Seven zones. Seven stories. You learn what seagrass actually is (not seaweed — true flowering plants), discover that Tape seagrass leaves can reach 1.5 metres, find out that seagrass captures carbon up to 35× faster than tropical rainforests per unit area, and hear how clumps of seagrass survived the Resorts World Sentosa reclamation when researchers feared they’d been wiped out.

The plaque design draws on my game design background — treating each zone like a level with its own narrative beat. The pacing matters: you start with wonder (“Welcome to Sentosa — 19 million visitors a year and a secret beneath their feet”), build through science and threat, and land on a call to action (“The meadow beneath Fort Siloso doesn’t need a fort — it needs you”).

Act

By the time users reach the Act screen, they’ve spent some time walking along the coast, learning about an ecosystem they didn’t know existed. Now the app gives them ways to do something about it: log a sighting using the phone’s camera with automatic GPS tagging (mocked submission to SeagrassSpotter), donate to seagrass restoration, sign up for a TeamSeagrass volunteer monitoring session, or share a “Seagrass Explorer” badge.

The conversion flow is deliberate. We don’t open with “please donate.” We earned the ask by making you care first.

How We Built It

The entire app was built in a single day using Claude Code as the primary development tool. The stack:

  • React 18 + Vite for the frontend
  • Tailwind CSS for styling
  • Leaflet + OpenStreetMap for maps (zero API keys)
  • Framer Motion for plaque animations
  • Browser Geolocation API for real GPS
  • Open-Meteo for live weather and marine conditions
  • NParks tide data for tidal predictions
  • iNaturalist API for citizen science observation counts
  • Deployed on Netlify with a custom subdomain

Claude was the force multiplier.
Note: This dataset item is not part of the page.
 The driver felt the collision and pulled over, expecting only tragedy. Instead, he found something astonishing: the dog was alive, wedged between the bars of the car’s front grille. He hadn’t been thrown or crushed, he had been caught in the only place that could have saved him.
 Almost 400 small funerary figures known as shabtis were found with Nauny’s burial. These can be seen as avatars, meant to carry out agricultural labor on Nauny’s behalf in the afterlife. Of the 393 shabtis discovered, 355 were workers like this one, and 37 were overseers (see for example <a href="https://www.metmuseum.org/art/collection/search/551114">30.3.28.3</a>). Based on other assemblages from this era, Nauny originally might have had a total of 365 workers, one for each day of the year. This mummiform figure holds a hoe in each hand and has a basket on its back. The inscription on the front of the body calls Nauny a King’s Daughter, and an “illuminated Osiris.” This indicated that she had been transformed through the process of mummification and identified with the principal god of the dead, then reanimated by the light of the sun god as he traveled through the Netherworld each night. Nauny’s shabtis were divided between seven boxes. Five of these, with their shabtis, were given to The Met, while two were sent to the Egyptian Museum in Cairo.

I wrote the PRD and tech specs — screen layouts, data structures, API endpoints, design direction — and used Claude to scaffold the entire app, iterate on the XR plaque system, wire up the live APIs, and debug cross-browser issues (iOS Safari autoplay policies, camera permissions). Fifteen commits from first scaffold to production deploy, all in one session.

This is the fastest I’ve ever gone from concept to working product. The CLAUDE.md file became the single source of truth — part brief, part architecture doc, part prompt. For a hackathon where hours matter, it was the difference between presenting a polished prototype and presenting slides.

The Result

We didn’t win. But the judges told us privately that deliberation ran long because some of them were fighting for our project to take first place. Being told you were a contested second — that the room was divided — felt like its own kind of validation. The gap between “almost won” and “won” is often just one judge’s preference, and the feedback confirmed that the core concept landed.
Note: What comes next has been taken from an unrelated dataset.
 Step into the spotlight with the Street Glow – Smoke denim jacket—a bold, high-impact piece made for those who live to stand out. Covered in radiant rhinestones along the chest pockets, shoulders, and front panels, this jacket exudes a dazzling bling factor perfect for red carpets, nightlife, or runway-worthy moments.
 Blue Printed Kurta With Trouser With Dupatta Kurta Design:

To me, winning was honestly not a priority and i have to say this was the most chill hackathon or gamejam i have ever taken part in.

What I Took Away

Seagrass changed how I see Singapore’s coastline. I’ve lived here most of my life and had no idea there were seagrass meadows at Sentosa, let alone that they survived coastal reclamation. The stat that stuck with me: seagrass covers just 0.1% of the ocean floor but accounts for up to 18% of all carbon buried in ocean sediments. I’ll be visiting Chek Jawa, the most biodiverse seagrass site in Singapore with 8 species, very very soon.

Claude redefines hackathon velocity. Writing a detailed spec upfront and letting Claude build it for you against it is a fundamentally different workflow from traditional hackathon coding. The spec-first approach means you spend your creative energy on what to build and why, not on wiring up boilerplate. For a time-boxed event, that reallocation is everything.
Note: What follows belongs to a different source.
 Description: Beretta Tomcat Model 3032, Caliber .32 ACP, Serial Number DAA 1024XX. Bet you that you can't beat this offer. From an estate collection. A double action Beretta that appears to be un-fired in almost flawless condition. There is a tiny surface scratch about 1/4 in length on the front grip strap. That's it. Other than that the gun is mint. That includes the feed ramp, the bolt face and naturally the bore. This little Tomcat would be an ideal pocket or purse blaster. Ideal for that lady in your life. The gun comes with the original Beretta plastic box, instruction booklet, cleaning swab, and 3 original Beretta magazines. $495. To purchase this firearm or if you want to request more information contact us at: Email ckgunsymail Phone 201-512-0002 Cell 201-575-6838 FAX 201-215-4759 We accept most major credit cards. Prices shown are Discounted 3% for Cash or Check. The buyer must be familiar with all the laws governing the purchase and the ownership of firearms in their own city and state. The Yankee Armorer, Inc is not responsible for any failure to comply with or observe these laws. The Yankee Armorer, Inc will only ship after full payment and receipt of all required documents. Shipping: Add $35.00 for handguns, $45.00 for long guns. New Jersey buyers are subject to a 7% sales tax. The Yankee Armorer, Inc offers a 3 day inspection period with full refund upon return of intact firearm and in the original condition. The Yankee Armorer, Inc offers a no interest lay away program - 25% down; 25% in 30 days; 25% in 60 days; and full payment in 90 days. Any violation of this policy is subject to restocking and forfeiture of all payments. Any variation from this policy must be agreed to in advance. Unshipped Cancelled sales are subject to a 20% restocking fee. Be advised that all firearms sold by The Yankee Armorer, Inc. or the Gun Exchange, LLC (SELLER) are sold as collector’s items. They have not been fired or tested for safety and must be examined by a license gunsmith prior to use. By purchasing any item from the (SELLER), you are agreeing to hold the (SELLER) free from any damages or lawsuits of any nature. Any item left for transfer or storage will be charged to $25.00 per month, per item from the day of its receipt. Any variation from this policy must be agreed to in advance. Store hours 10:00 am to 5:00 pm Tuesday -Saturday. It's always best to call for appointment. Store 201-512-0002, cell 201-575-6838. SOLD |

Game design thinking applies everywhere. The Discover → Learn → Act flow is a player journey. The geo-triggered plaques are a level progression system. The pacing from wonder to knowledge to threat to agency is narrative design. My training at DigiPen keeps showing up in unexpected places.

Try It

The app is live at oceanx.clementlsw.com and the source is on GitHub. Best experienced on mobile — it uses your real GPS, so if you’re near Sentosa, the proximity detection will light up.